Çok güzel hareketler
Olcay’ın attığı golden sonra mahçup sevincine karşılık Beşiktaş taraftarının golü alkışlaması bir olgunluk göstergesi. Eleştirenler fazlaydı, hiçbirine katılmam. Futbolcunun görevi o golü atmak ama sevinip sevinmemek ona kalmış. Abdülkadir heyecan verici. Top ayağına geldiğinde her an olağanüstü işler yapacak hissi veriyor. Olcay’a yaptığı asist ise gecenin en güzel hareketlerinden biriydi. Tavsiyem Lucescu’nun Trabzon maçlarını daha dikkatli izlemesi. Çünkü izlemeyince Volkan Şen’i seçiyor. Sanırım sahanın en kötüsü Burak Yılmaz’dı. Sırtını dayayıp top almayı hala öğrenememiş olması bir trajedi. Fakat Burak dökülürken Ersun Yanal’ın sahanın en iyisi Abdülkadir’i çıkarması daha büyük trajediydi. (Fanatik/Serkan Akcan)
410
Trabzonspor’un nerdeyse ilk yarı boyunca bir kez bile hazırlıksız yakalanmaması en dikkat çekici ayrıntıydı. Beşiktaş, vasatın üstüne çıkamadığı maçta iki kez öne geçmesine ve Fabri’nin performansına rağmen yorgunluğuna yenik düşerek 2 puan kaybetti.

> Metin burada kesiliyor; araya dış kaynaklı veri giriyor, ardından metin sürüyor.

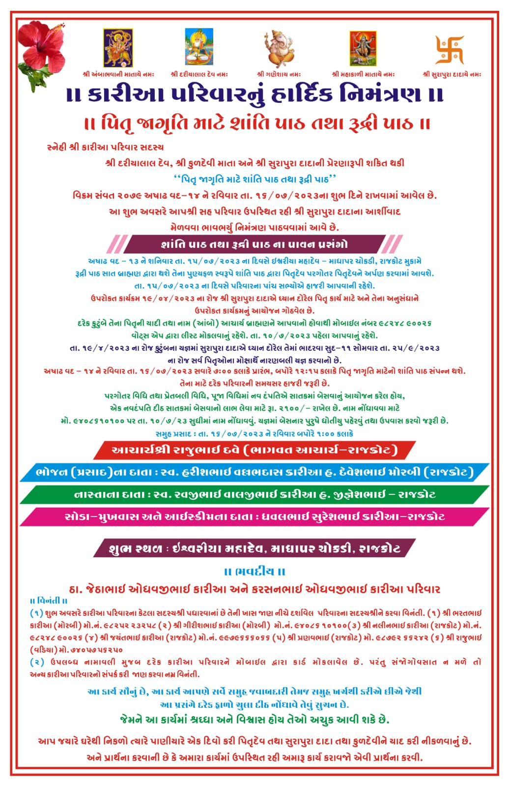કારિયા પરિવાર દ્વારા પિતૃ જાગૃતિ  માટે શાંતિ પાઠ  તેમજ રુદ્રરી પાઠ નું આયોજન કરેલ છે

Her şeyden önce rakibini iyi analiz eden Trabzonspor’un, nerdeyse ilk yarı boyunca bir kez bile hazırlıksız yakalanmaması en dikkat çekici ayrıntıydı. Kontrollü takımlara hücum etme konusunda sıkıntısı olmayan Beşiktaş ise 13. dakikada Talisca-Babel paslaşmasında Talisca’nın net plasesi ile bulduğu golden sonra tempoyu, aynı zamanda da oyunu kontrol etmekte zorlandı. Trabzonspor fırsatı kaçırmadı ve yeni yıldız adayı Abdülkadir’in harika pasında Olcay ile maçı eşitlerken, Beşiktaş taraftarının yedikleri gole rağmen eski oyuncularının hakkını vererek alkışlaması görülmeye değerdi. Aslında ilk 45 dakika Trabzon adına büyük şanstı.
Necip’ten katkıyı alamadı
Bordo-Mavili ekip, Quaresma, Atiba ve Oğuzhan’ın sahada olmayışını çok hisseden Beşiktaş’a özellikle de duran toplardan gol bulabilecekken fırsatları değerlendiremedi. İkinci yarıya direnci artırmak adına sarı kartlı Medel’i çıkararak Gökhan Gönül’ü oyuna alıp, Necip’i ortaya çekerek başlayan Beşiktaş, bu hamleden istediği katkıyı alamasa da Lens’in attığı golle yeniden öne geçti. Sekiz günde üçüncü sert maçını oynayan Beşiktaş’a karşı tempo artırmayı ancak gol yediğinde akıl edebilen Trabzonspor ise, Lens’in karşı karşıya kaldığı pozisyonda dönen topu Rodallega’nın hamlesi ile golle sonuçlandırarak, maçta durumu eşitledi.
Aydınus, kusursuz yönetti
Karadeniz ekibi, ancak beraberlik değil, galibiyet şansı da Yusuf ve Rodallega ile ayaklarına kadar gelmesine rağmen, Beşiktaş’ı yorgun yakaladıkları akşamda fırsatı değerlendiremedi. Beşiktaş ise vasatın üstüne çıkamadığı maçta iki kez öne geçmesine ve Fabri’nin performansına rağmen yorgunluğuna yenik düşerek 2 puan kaybetti. Fırat Aydunus ise Okay’ın ikinci sarı kartı haricinde kusursuz bir maç yönetti. (Fanatik/Erman Özgür)
510
18. dakikada Talisca, Kucka’nın dizine vurdu, atılmalıydı. 36’da Hubocan’ın Talisca’ya sert müdahalesinde kartın rengi kırmızı olmalıydı. 73’te ise Cenk’in beline sarılan Okay, ikinci sarısını görmeliydi.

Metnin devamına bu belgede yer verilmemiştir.